With midterms just around the corner, much has been said about what the GOP might accomplish next year with control of the House, Senate, or even both. But there’s another way for Republicans to push their issues that doesn’t require a red wave in November or waiting for the new Congress to take the reins – and at least one House Republican is very aware of it. The fiscal year is at its end, and the approved funding required to keep the government running will dry up Friday, Sept. 30. Forget the midterms – as far as House Minority Leader Kevin McCarthy (R-CA) is concerned, his party can and should use the looming shutdown to demand border security now.
Border Security and Leverage on the Leviathan
Government shutdowns are expensive and inefficient; rarely do they help more than hinder – but even more damning, they make those in power look bad to the common folk. No one wants to be the one in charge when it’s time to dole out blame, and so this time of year brings with it an opportunity for the minority party to get some concessions from the majority.
Any time the government shuts down, the narrative war kicks into overdrive. Who is to blame? That depends on which side is doing the talking. But when the dust settles, it’s usually the president who’s remembered afterward. The longest federal shutdown to date was December 2018-January 2019, 35 days. Who was commander-in-chief at the time? Donald Trump is the name that springs to mind. Which party held the majority in each chamber, and who were the players involved in holding up funding? Quite likely, very few actually recall – if they knew in the first place.
According to former Trump adviser Stephen Miller, the best thing for Republicans is to focus on Joe Biden’s border crisis by refusing the funding bill unless it includes an amendment to address the issue.
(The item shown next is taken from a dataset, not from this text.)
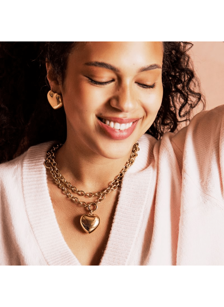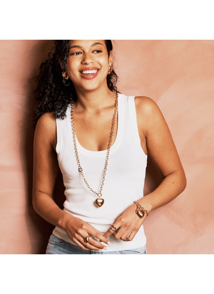 ACB22899 Ketting staal goudkleurig hart XXL
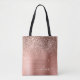 Brushed Metal Rose Gold Pink Glitter Monogram Tote Bag

They must, however, also make certain that any continuing resolution (CR), passed to keep things running long enough for another agreement, expires before February, so as to avoid limiting any incoming GOP majority.
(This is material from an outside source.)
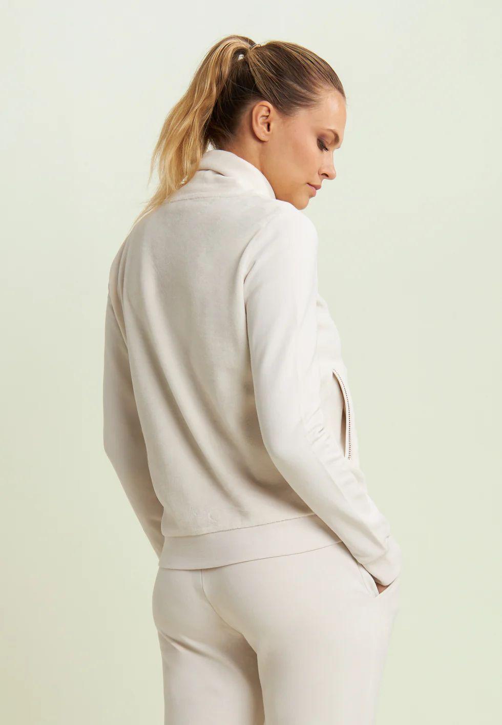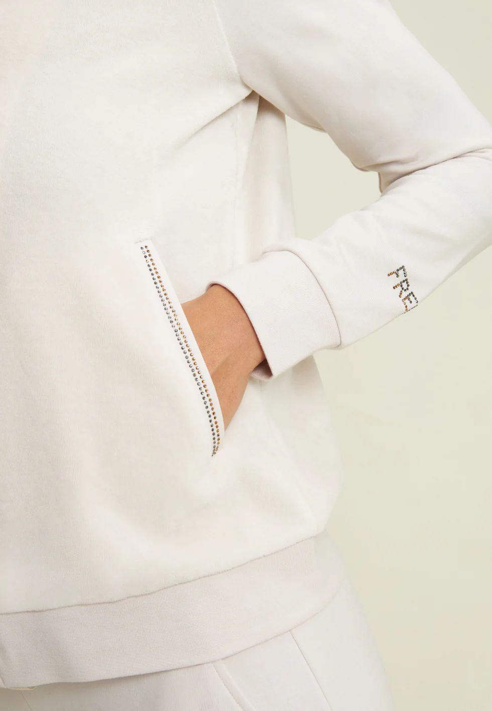 Questa felpa sportiva da donna combina velluto morbido e maniche in felpa modal garzata, per un effetto avvolgente e ricercato. Ha vestibilità regolare, chiusura full-zip e collo alto ampio. Gli strass bicolori impreziosiscono il fondo manica sinistro e l’apertura delle tasche a filetto.

McCarthy is clearly on the same page. He advised his fellow House Republicans to vote against any government funding bill that doesn’t address the surge in illegal immigration. “Under Biden and [Nancy] Pelosi there have been more than 3.5 million illegal border crossings – more than the entire population of Chicago,” McCarthy said. “Democrats’ open border policies have led to an unprecedented crisis, and they have no plan to secure the border. If Biden [and the] Democrats don’t use this government funding bill to address the border crisis immediately, I’m voting NO on this bill and I urge my colleagues to do the same.”
Is the Senate on Board?
The Senate votes today (Sept. 27) on a stopgap funding measure to avoid shutdown and kick the can down the line – past the midterms, of course – into December. But in the upper chamber, the spotlight shines not on the border but on an energy bill. In order to get the votes to pass the so-called Inflation Reduction Act, Senate Majority Leader Chuck Schumer (D-NY) promised Sen. Joe Manchin (D-WV) a must-pass piece of legislation – before the end of the fiscal year on Sept. 30 – to mandate that federal environmental reviews be completed faster. Manchin calls his proposal, which would speed up the permitting process for renewable projects like wind and solar as well as non-renewable ones like oil and gas, “the kind of balanced and all-of-the-above energy approach America needs if we are to defend this nation’s energy security from those who seem hell-bent on weakening it.”
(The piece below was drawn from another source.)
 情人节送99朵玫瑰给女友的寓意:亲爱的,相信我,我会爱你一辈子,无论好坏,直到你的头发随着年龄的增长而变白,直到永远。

Progressives are entirely against it, of course, and Sen. Bernie Sanders (I-VT) has declared he won’t support any government-funding CR (continuing resolution) that includes the Manchin proposal. Senate Minority Leader Mitch McConnell (R-KY) is pushing Republicans to vote against Manchin’s reform, but for different reasons. As he sees it, the plan simply isn’t strong enough to move the Biden administration on permitting. Instead, he wants more backers for Sen. Shelley Moore Capito’s (R-WV) version.
With Manchin’s energy legislation up in the air thanks to both Republican and progressive Democrat opposition, it’s unclear where the gentleman from West Virginia and his allies will fall on the CR itself. But in fighting over two similar bills regarding the government permitting process, are Senate Republicans ignoring the greater opportunity? McCarthy can demand border security until he’s blue in the face, but even with the full backing of his party in the House, he can’t stop Democrats from passing whatever bill they want. The real leverage lies in the Senate: Will McConnell and his colleagues wield it?